What the fuck was I thinking this morning? I jumped outta bed at 4:59 A.M. to go to the GYM before work.
Seriously, I thought I would be like, the only person at the gym this morning because it was really, really early and who else but me is an evil genius to be at the gym before any else? I'll tell you who: OLD PEOPLE. And they were all in my way.
Clearly the patience motherhood was supposed to gift me hasn't come into fruition yet because I had visions of pushing old people out of the way, down stairs and what not as I tried to make my way upstairs to the cardio equipment so I could get this damn workout over and done with before I got lazy and decided to go McDonald's and get an egg mcmuffin instead. It was a close call.

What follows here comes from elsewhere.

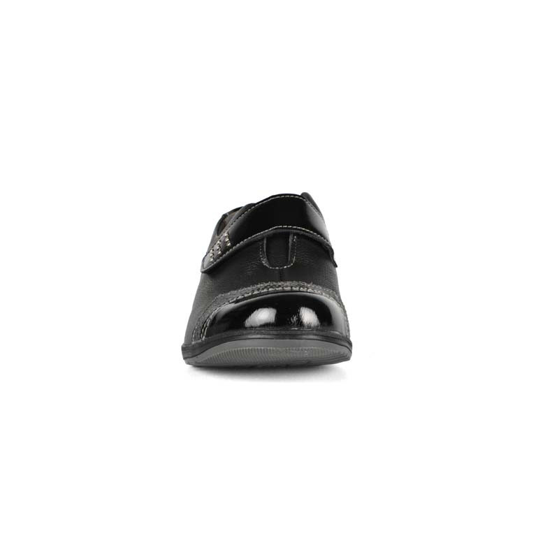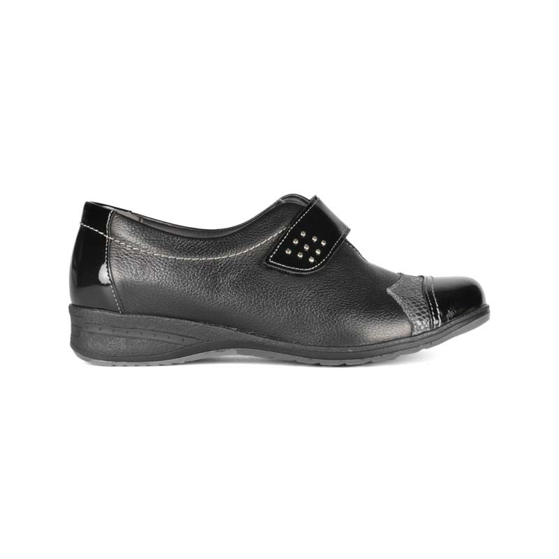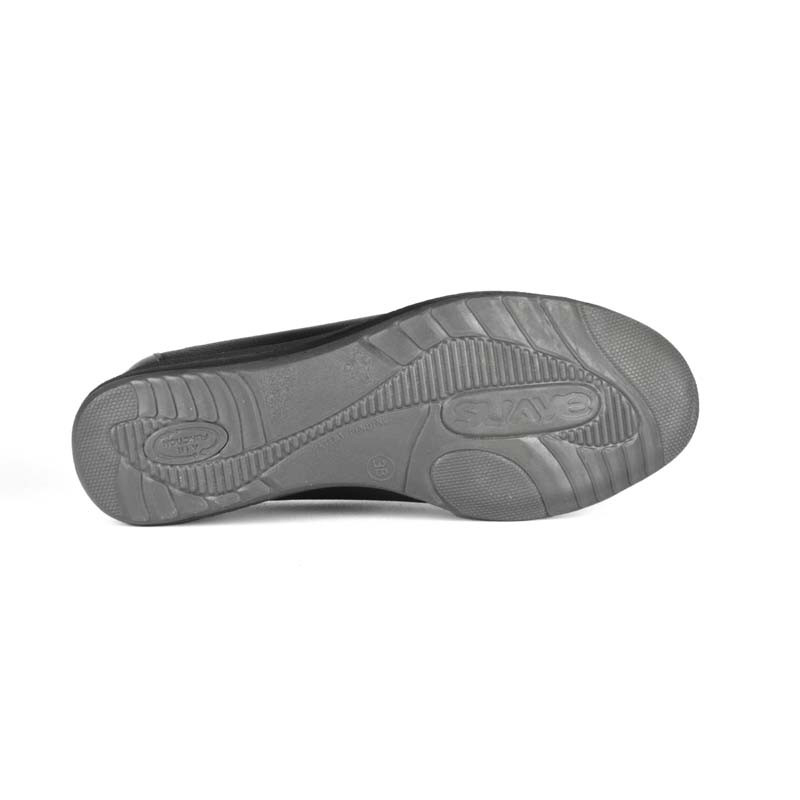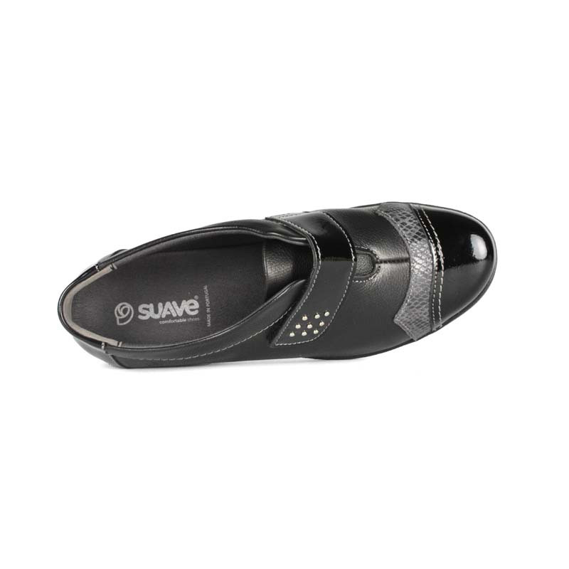 Chaussures de confort pour femme souples et très légères, munies d'un Velcro pour faciliter l'insertion du pied. Confectionnées en cuir, elles s'habillent de noir et sont réhaussées de strass et d'effets de matière pour combler vos envies de mode. Doublées en textile respirant, ces chaussures Suave pourront par ailleurs accueillir vos semelles orthopédiques. Un petit talon compensé de 3 cm et un bon amorti pour rendre la marche moins fatigante viennent parfaire ces chaussures de confort parfaites pour le quotidien.

Anyways. I chugged my way dutifully through an hour of cardio and only thought I was going to die or throw up three times. Yay me! It's been a few weeks since I exercised but it felt like a few months. All that sitting on my ass and enjoying candy and pizza really didn't help me as much as I thought it would. But it sure was delicious. And relaxing. And now some of my clothes don't fit.
How does that happen so fast? I was going to the damn gym for 2 months, 3-4 times a week and eating pretty good; no weight lost. I wasn't trying to lose weight, just tone up but I'm not gonna lie, a few vanity pounds dropped would've been super nice and confidence boosting. I stop going to the gym and eat bad, well not bad, just not as well as I had been eating and I gain weight.
Back to the grind and back to normal work out times. Like 4pm when all the senior citizens are at Long John Silvers for dinner.